EXERCISE GOAL - Write out nothing but the lines from the one containing "Wool Blend Center" through the last line below, both included, and without the pictures.

Items from a data source:
= Beginning of Section =

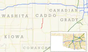 - 1 2 Oklahoma Department of Transportation (n.d.). Control Section Maps: Caddo County (PDF) (Map) (2010–2011 ed.). Scale not given. Oklahoma City: Oklahoma Department of Transportation. Retrieved November 12, 2012.
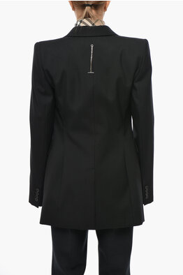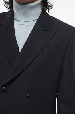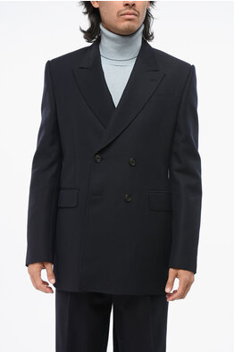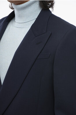 Wool Blend Center Vent Peak Lapel Double-Breasted Blazer
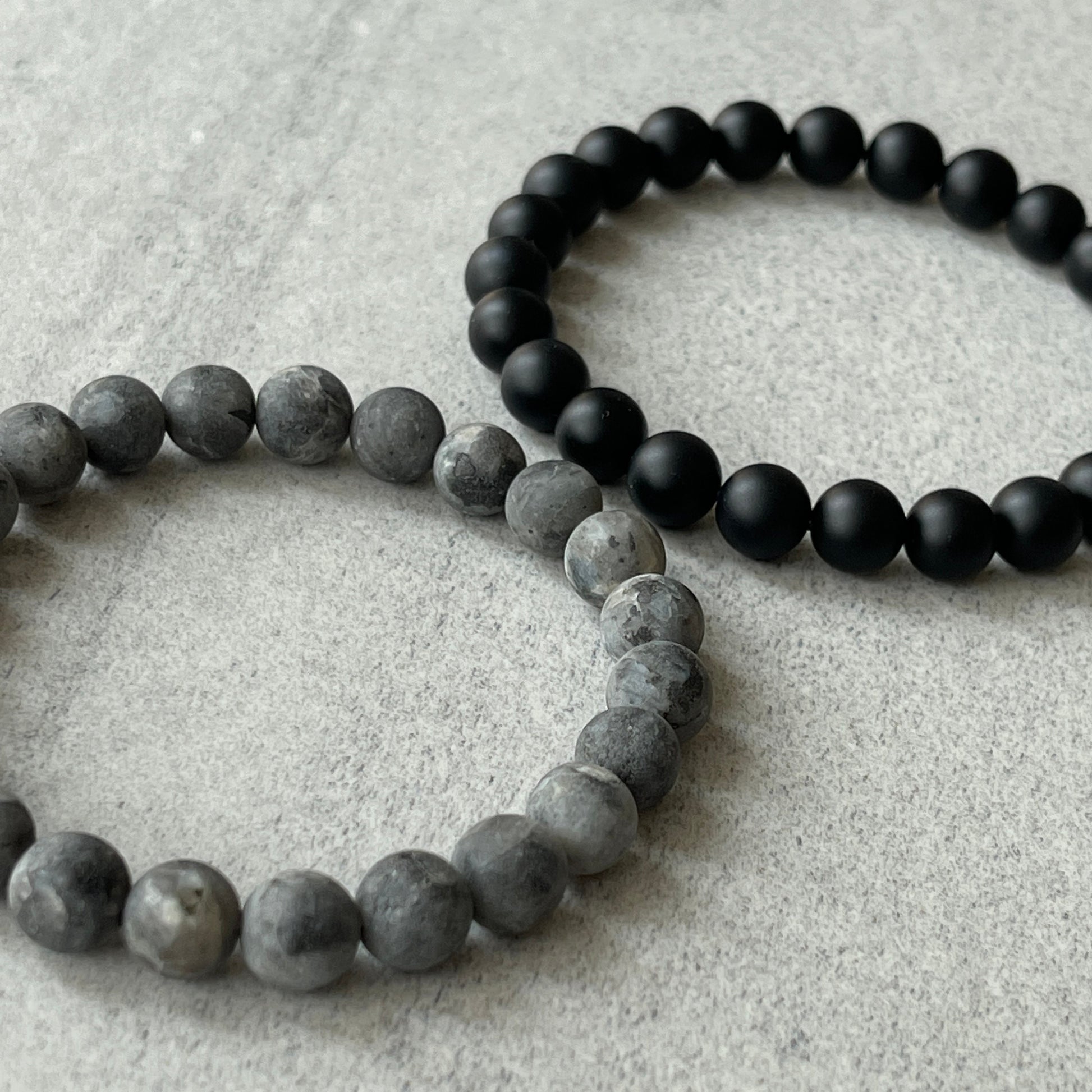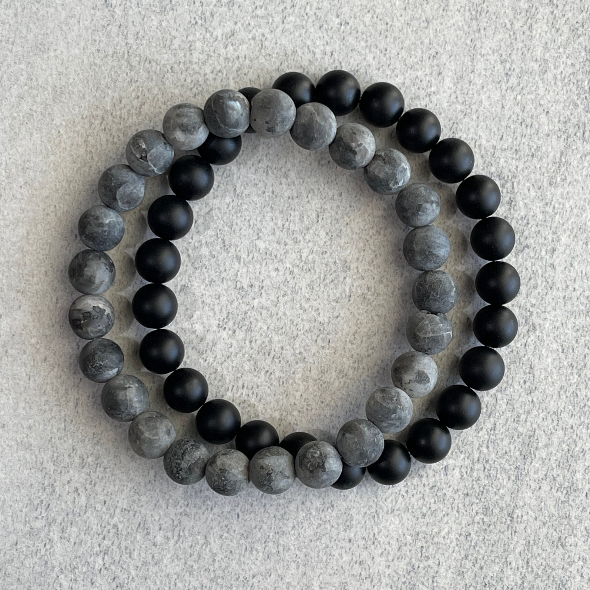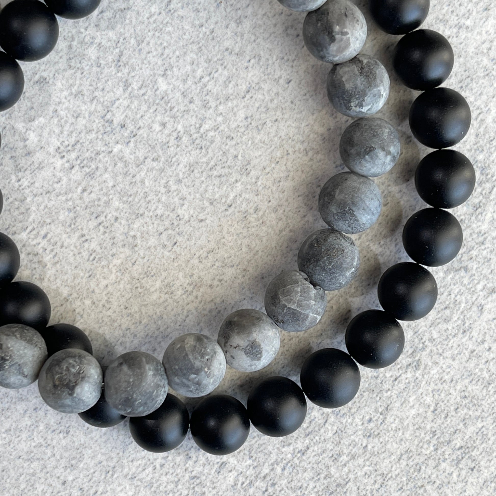 Matte Onyx and Matte Black Labradorite/Larvikite Stretch Bracelet
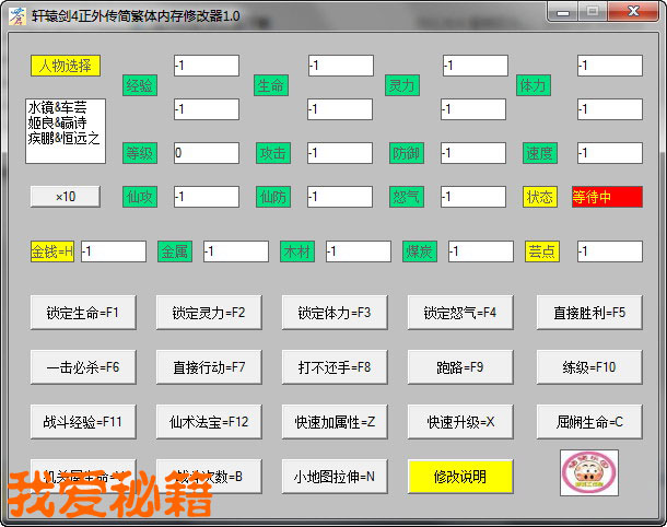 轩辕剑4正外传简繁体内存修改器1.0版
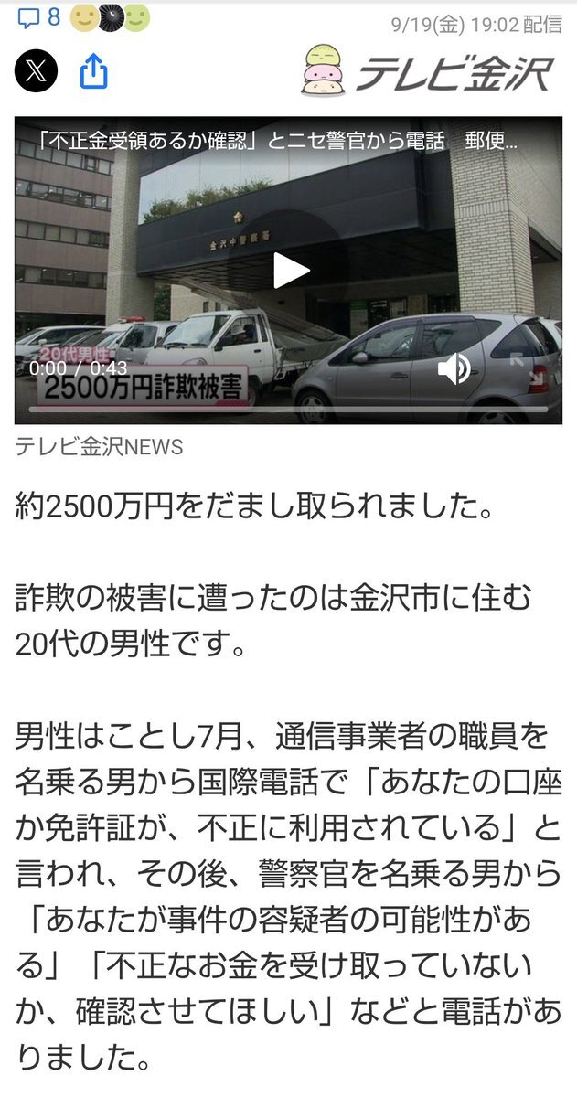 北國新聞の紙面で読みましたが、この詐欺事件はおかしいと直感しました。 石川県警察が全部公表しているとは思えないので、決めつけることはできませんが、私が疑問に感じたところを話します。 北國新聞では金融機関から詐欺の不正口座に使われたと警察に届けがあったことが最初の発端でありました。 pic.x.com/xxYwMSTBUL
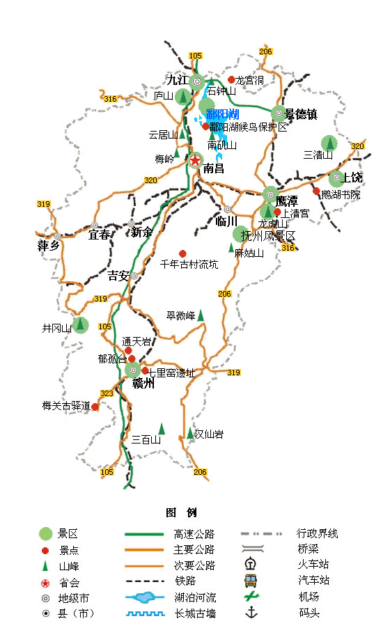 景观:沿“大京九”畅游江西,观庐山云雾,赏井冈翠竹,望鄱阳湖湖光山色,到景德瓷都怀古,去道教名山——龙虎山和三清山揽胜,豫章美景,尽收眼底。
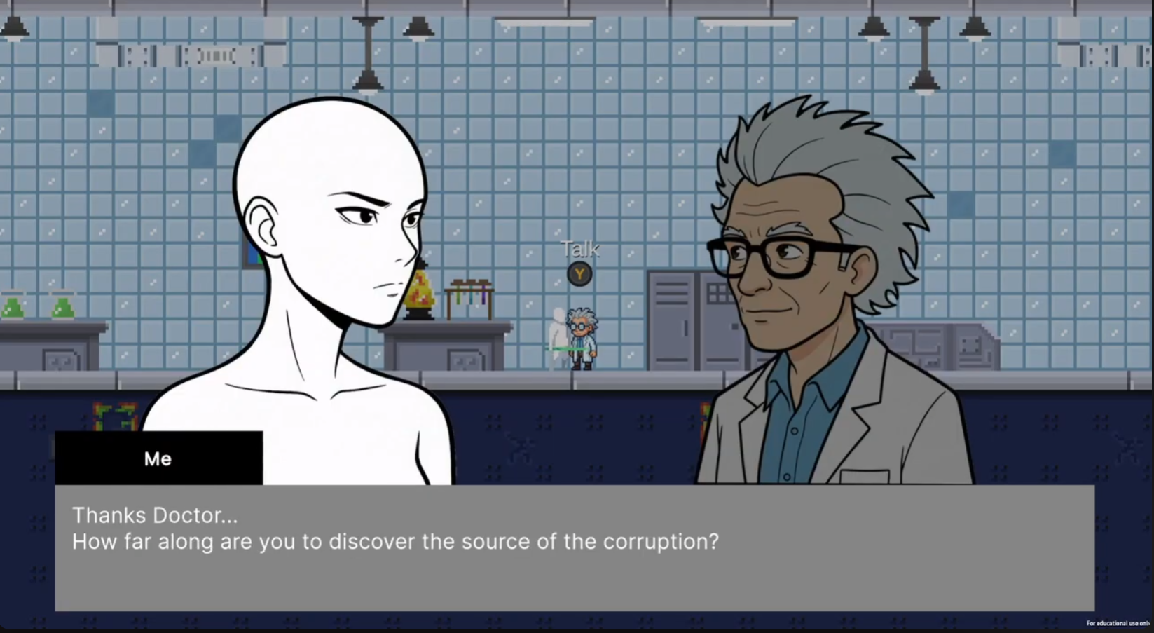 The game includes features such as a cutscene with voice acting, dialogue introductory scene, inventory system and store vendors, and dialogue interactions that inform you how to progress.

= End of Section =

EXERCISE RESULT -
 Wool Blend Center Vent Peak Lapel Double-Breasted Blazer
 Matte Onyx and Matte Black Labradorite/Larvikite Stretch Bracelet
 轩辕剑4正外传简繁体内存修改器1.0版
 北國新聞の紙面で読みましたが、この詐欺事件はおかしいと直感しました。 石川県警察が全部公表しているとは思えないので、決めつけることはできませんが、私が疑問に感じたところを話します。 北國新聞では金融機関から詐欺の不正口座に使われたと警察に届けがあったことが最初の発端でありました。 pic.x.com/xxYwMSTBUL
 景观:沿“大京九”畅游江西,观庐山云雾,赏井冈翠竹,望鄱阳湖湖光山色,到景德瓷都怀古,去道教名山——龙虎山和三清山揽胜,豫章美景,尽收眼底。
 The game includes features such as a cutscene with voice acting, dialogue introductory scene, inventory system and store vendors, and dialogue interactions that inform you how to progress.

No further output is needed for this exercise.